# Coyote Contest



## mikevanwilder (Nov 11, 2008)

Last weekend my cousin and I were signed up for the Utah Predator Callers coyote contest. To make a long story short we didnt win, not because we didn't shoot the most doggies but because our truck blew a wheel bearing before we could make it back to the check in.  
We still had fun and found some new areas to hunt. 
I wanted to share the story on one of the coyotes we shot. It was the second morning and to this point we had only called in one dog and that was at 7:30am the first day. We had made about 12 stands that didn't produce anything at all.
On sunday we decided to hit a spot we've called before and had good luck with. Its a piece of property that has a ravine going down one side and some fields that sit on top of the other side. The ravine has a small creek running down it with sage brush and some tall cottonwoods that run along the fields.
We sit on the side opposite of the field in the sage and try to call them from the fields to us. Like the other time we called as we are walking in we see a coyote mousing in the field. He looked like a big dog from where we were, 1000 yards or so. We sat down with the e-caller in between the two of us. My cousin turned on jack rabbit distress and the coyote starts to bark but also starts to make his way toward the edge of the field and into the sage brush. I pull up my binos and watch as he cross the fence and turns and heads towards us. Then he disappears into the sage and I don't see him again.
My cousin didn't see him leave the field so he turns the call to a pup distress for a few minutes and nothing. I'm watching the bottom of the ravine waiting for the coyote to appear. All of a sudden the dog starts barking to our right and he is on the same side of the ravine as us. I can't see him but can hear him, but my cousin could see him and thought he could shoot him. Well he shot but didn't connect, usually we would call it a busted stand and get up and leave but this time neither of us moved and just let the call continue.
5 min later a pair of coyotes start howling up on the field but we can't see them. We tried all the calls we thought would make them move but nothing happened. We decided to pack up and move into the tall trees along the field and see if it doesn't trigger them into moving closer. 
As we moved closer another coyote that was down in the ravine started howling. We got down in some sage and tried to call it in but it wasn't going to. It sounded like a young dog were as the first dog that came in sounded old and big. We figured that we could still make it to the trees and let this one go. 
We got to the edge of the field and saw a coyote making his way across to the other side. I pointed out a ditch that ran down the middle and we decided to move toward that to get a shot. There was about an inch of snow on the ground so our sound was pretty muffled but the coyote spotted something right as we jumped into the ditch and kinda took off over the rise and outta sight. We decided to try and call again just because we knew there was more coyotes around. We let the pup in distress call go and I heard the small coyote that was in the ravine still, start barking. I was about to get up and leave when the dog that disappeared, reappeared and was running at us as fast as he could. We both looked at each other and kinda laughed, not believing what we were seeing. Well he made it to within 100 yards and that was it, bang. We got up to him and noticed he was the same coyote from the field when we first sat down and the same that my cousin had shot at. We still can't believe we fooled him into coming back.
Anyway thanks to Reb for putting on a great contest and having great prizes, even though we didn't even get a chance to win those. I really like the 1 1/2 day thing.
Here are some pics.


----------



## yfzduner450 (Dec 28, 2009)

Mike, it sounds like you guys had a great time and i'm sorry to hear about your truck. I hope you skinned them coyotes. The fur is finally worth something again. Good luck to ya on the next contest!!!


----------



## MadHunter (Nov 17, 2009)

Awesome story Mike. Sounds like a blast. Too bad about the truck.


----------



## reb8600 (Sep 8, 2007)

I wish you could have made it back to the check in. We gave away a lot of real nice prizes in the drawing. I hope to see you at the next one. I will be at the one in Ephraim also.

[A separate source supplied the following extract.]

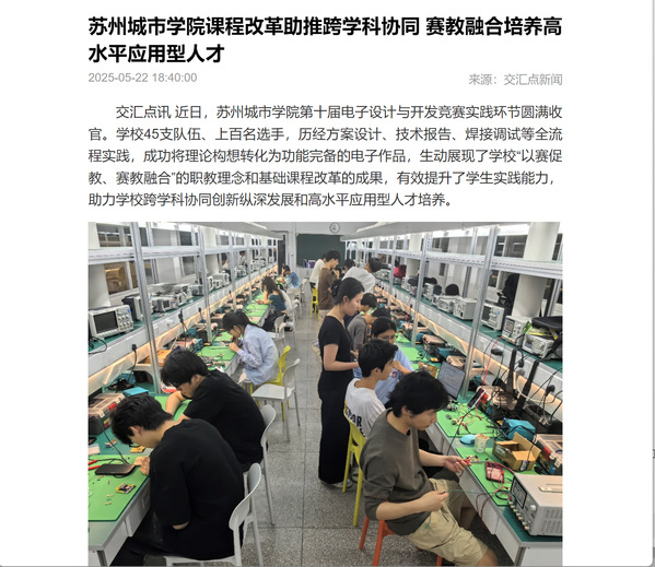 交汇点讯 近日,苏州城市学院第十届电子设计与开发竞赛实践环节圆满收官。学校45支队伍、上百名选手,历经方案设计、技术报告、焊接调试等全流程实践,成功将理论构想转化为功能完备的电子作品,生动展现了学校“以赛促教、赛教融合”的职教理念和基础课程改革的成果,有效提升了学生实践能力,助力学校跨学科协同创新纵深发展和高水平应用型人才培养。
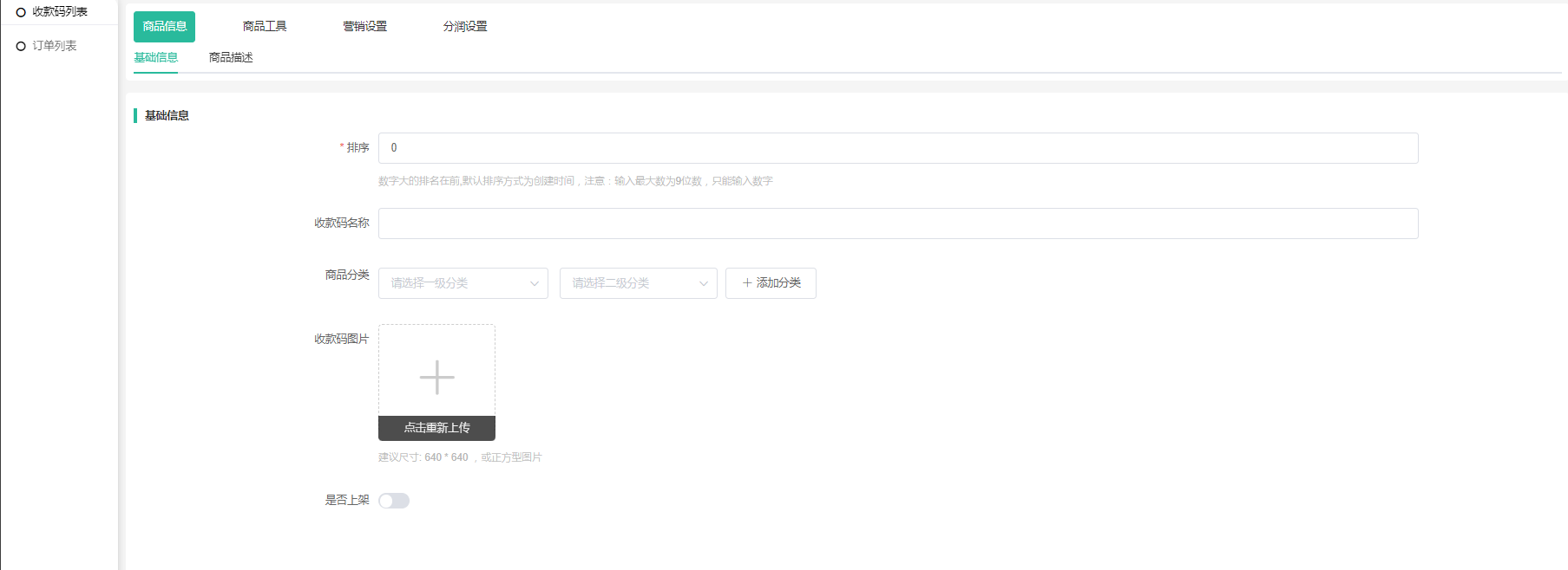 1、添加收款码,设置收款码名称、分类收款码图片,设置好后点击发布。分类为选填。排序:数字大靠前显示.

I am glad to hear you like the 1 1/2 day contest. I asked everyone at the check in if any of them would rather see a one day contest instead. Nobody wanted that so I will leave it the same next year. I had a few emails when I first announced it saying people would have joined if it was only a one day hunt. I am not sure that any of them would have actually signed up though. The 1 1/2 day hunt gives you time to travel somewhere to hunt.


----------



## bullsnot (Aug 10, 2010)

Nice job fellers!


----------



## JERRY (Sep 30, 2007)

Very nice! Sorry to hear about the wheel bearing. Been there done that. Sucks!


----------